Put in the form of a table, the predictions Male, 0–17, in 2025 = estimated 12,638 victims According to the model, if current year-to-year trends continue, there will be about 12.6 thousand male victims under 18 in 2025.
Male, 18+ in 2023 = estimated 27,220 victims For adult males in 2023, the model predicts 27.2 thousand victims, which shows the growing trend especially amongst those 18 or over as the victims of human trafficking when compared to 17 or under.
Female, 0–17 in 2025 = estimated 13,345 victims Predicted count for female victims under 18 in 2025 is slightly higher than the male counterpart of the same age at 13.3 thousand.
Female, 18+ in 2023 = estimated 43,781 victims Finally the model predicts that adult females in 2023 are projected at about 43.8 thousand victims significantly higher than adult males. This major disparity highlights this gender and age group’s vulnerability to human trafficking, especially when compared to the 3 other subgroups.

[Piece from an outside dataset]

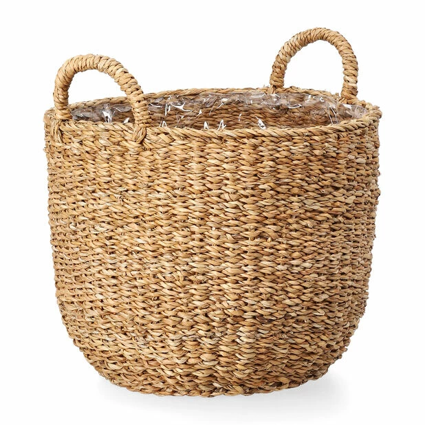 Klassisk, høy flettet kurv i rotting. Flott som både potteskjuler og til oppbevaring. Beregnet til innendørsbruk. Potten har en tynn plastinnsats, men den bør kombineres med en tett innerpotte, et potteunderlag eller vanntett fat som beskytter mot fukt på underlag. Mål: Ø32 cm, høyde: 27 cm.

Throughout this project, I first imported the UNODC global trafficking dataset directly from their .CSV download and then wrestled with the Human Trafficking Hotline data by writing a custom rvest web scrape (since it wasn’t available as a clean API endpoint). Once both sources were in R, I cleaned and reshaped the tables by renaming columns, handling “<5” counts by imputing the midpoint, and dropping redundant columns/data so that I had counts by country, year, sex/gender, and age group. I then visualized global trends with line plots (by gender and by age), ran paired t-tests to confirm that females and adults consistently experience higher victim counts, and finally built four complex maps showing male and female victims 17 or under and 18+ across every country. The closing takeaway from this project is that women aged 18 or over are by far the most vulnerable group to human trafficking worldwide, especially when compared to the other 3 subgroups within the dataset (males 17 or younger, males 18 or over, and females but 17 or younger). Of course, this doesn’t exclude anyone from being a victim to human trafficking.